Wednesday, November 02, 2011

History of the CBC

This week Ideas on CBC Radio is considering the history of the CBC in a five-part doc by Ideas stalwart David Cayley, "CBC at 75: Turning Points in Public Broadcasting."  The first two parts are already done, but Ideas program can be listened to online or downloaded .

I'm currently developing a program for Ideas myself so I'm neither impartial nor dispassionate.  But I find the anniversary provoking mixed feelings in people I talk to.  On one hand, CBC Radio seems absolutely indispensable.  On the other, people seem to wish it was .... better, and the feeling grows stronger the closer one is to it.

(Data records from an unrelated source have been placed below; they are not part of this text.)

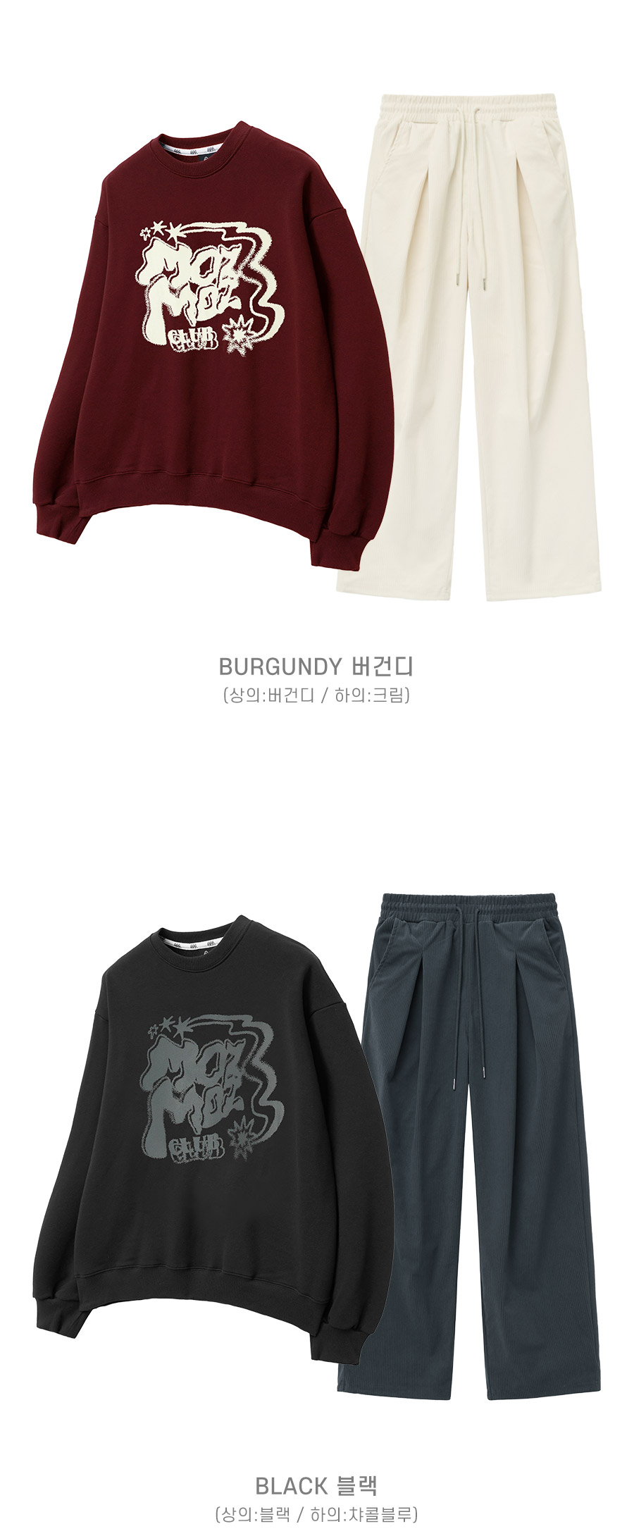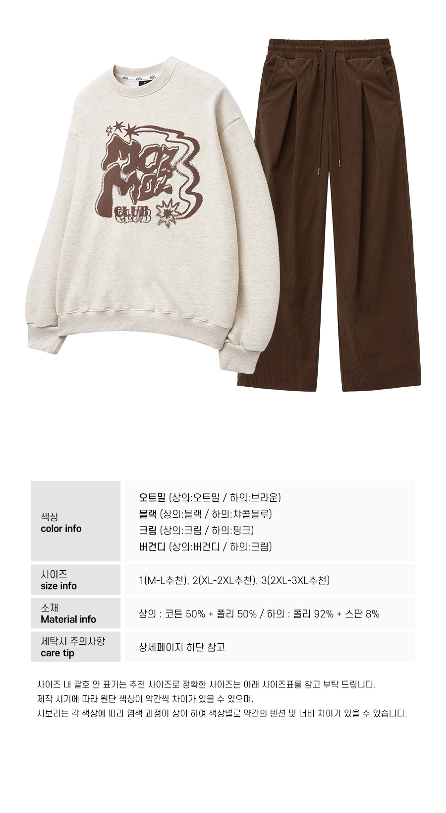 [SET] 트윙클 오버핏 맨투맨 + 코듀로이 원턱 와이드 팬츠 오트밀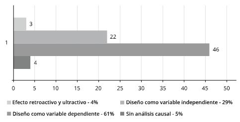 No se encontraron investigaciones en las que se haya desarrollado un argumento ontológico de causación y causalidad de manera explícita (Jackson, 2016). Ante esta debilidad, el análisis se centró en inferir de las investigaciones el comportamiento del diseño como variable dependiente o independiente. Al respecto, se presentaron las siguientes modalidades causales: diseño como variable dependiente, diseño como variable independiente, diseño como variable dependiente e independiente y no derivación causal. En esta última categoría se incluyeron las investigaciones que no proponían interacción causal entre las instancias (contexto-diseño/diseño-contexto) sino que, o describían la dinámica política de alguna entidad en particular (Abbie, 2012) o generaban argumentos causales al interior de una sola entidad (Gollust y Lynch, 2011). En mayor medida, las investigaciones se inclinan por utilizar el marco analítico de Ingram y Schneider asumiendo el diseño de políticas como variable dependiente (Gráfico 5).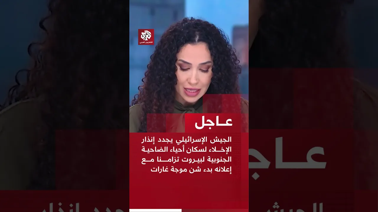 عاجل | الجيش الإسرائيلي يجدد إنذار الإخلاء لسكان أحياء الضاحية الجنوبية لبيروت تزامنا مع إعلانه بدء شن موجة غارات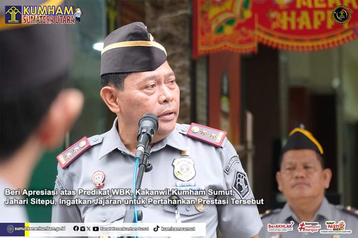 Beri apresiasi atas predikat Wilayah Bebas dari Korupsi (WBK) yang berhasil diraihnya, Kepala Kantor Wilayah Kementerian Hukum dan HAM Sumatera Utara, Mhd. Jahari Sitepu, ingatkan seluruh jajaran untuk bekerja keras mempertahankan dan meningkatkan prestasi besar tersebut. Senin, (18/12/2023).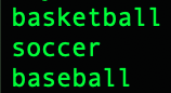 sportsという変数のリストには、basketball, soccer, baseballが入っています。
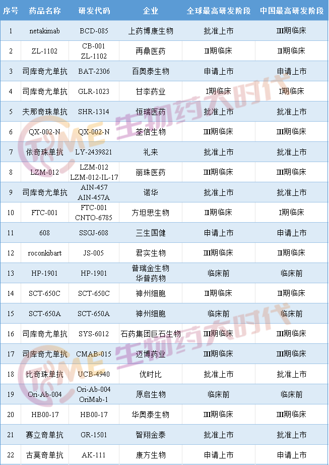目前国内约有22家企业布局IL-17A单抗,其中康方生物、三生国健的IL-17A单抗都在申请上市阶段;丽珠医药、荃信生物、君实生物等多家药企的IL-17A单抗都处于临床3期状态,竞争仍非常激烈。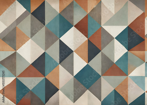 Geometric pattern of overlapping triangles in muted tones of earth and teal colors. Abstract design with a textured. three-dimensional appearance. suitable for a modern interior setting.

Last Sunday I thought I heard evidence of the problem in Sunday Morning's three hour tribute to the CBC.  At one point Judy Madren, ex-announcer, now officially CBC' usage authority, was Michael Enright's guest.  They read episodes from a CBC announcer's manual from the 1940s, and it struck them as hilarious.  "Announcers must be men of wide culture and broad general knowledge,"  Madren read, and the two of them sniggered about the foolish pretentiousness of their predecessors.  Yet it still seems like a good idea -- the difference between the radio hosts who know things and those who are simply pretty voices remains as stark as even.  Then Madren mentioned the manual included the word "viscid" and declared forthrightly that she did not even know what the word meant.

The CBC's usage expert is too important to reach for a dictionary.  I got the sense that a lot of people around CBC Radio reached their positions by seniority and now have a sense of their own authority that far outstrips the pretensions of the 1940s.

Still, I was driving a long way in the last two days, and every couple of hours I was madly running "Seek" to keep CBC Radio in range.

CBC Radio has also announced its ten finalists for the non-fiction episode of Canada Reads. Congratulations to Margaret Macmillan, whose Paris 1919 made the list despite the organizers' earlier fatwa against history books and academics. Also Chester Brown's graphic-biography Louis Riel and Ken Dryden's The Game, which counts as history for me.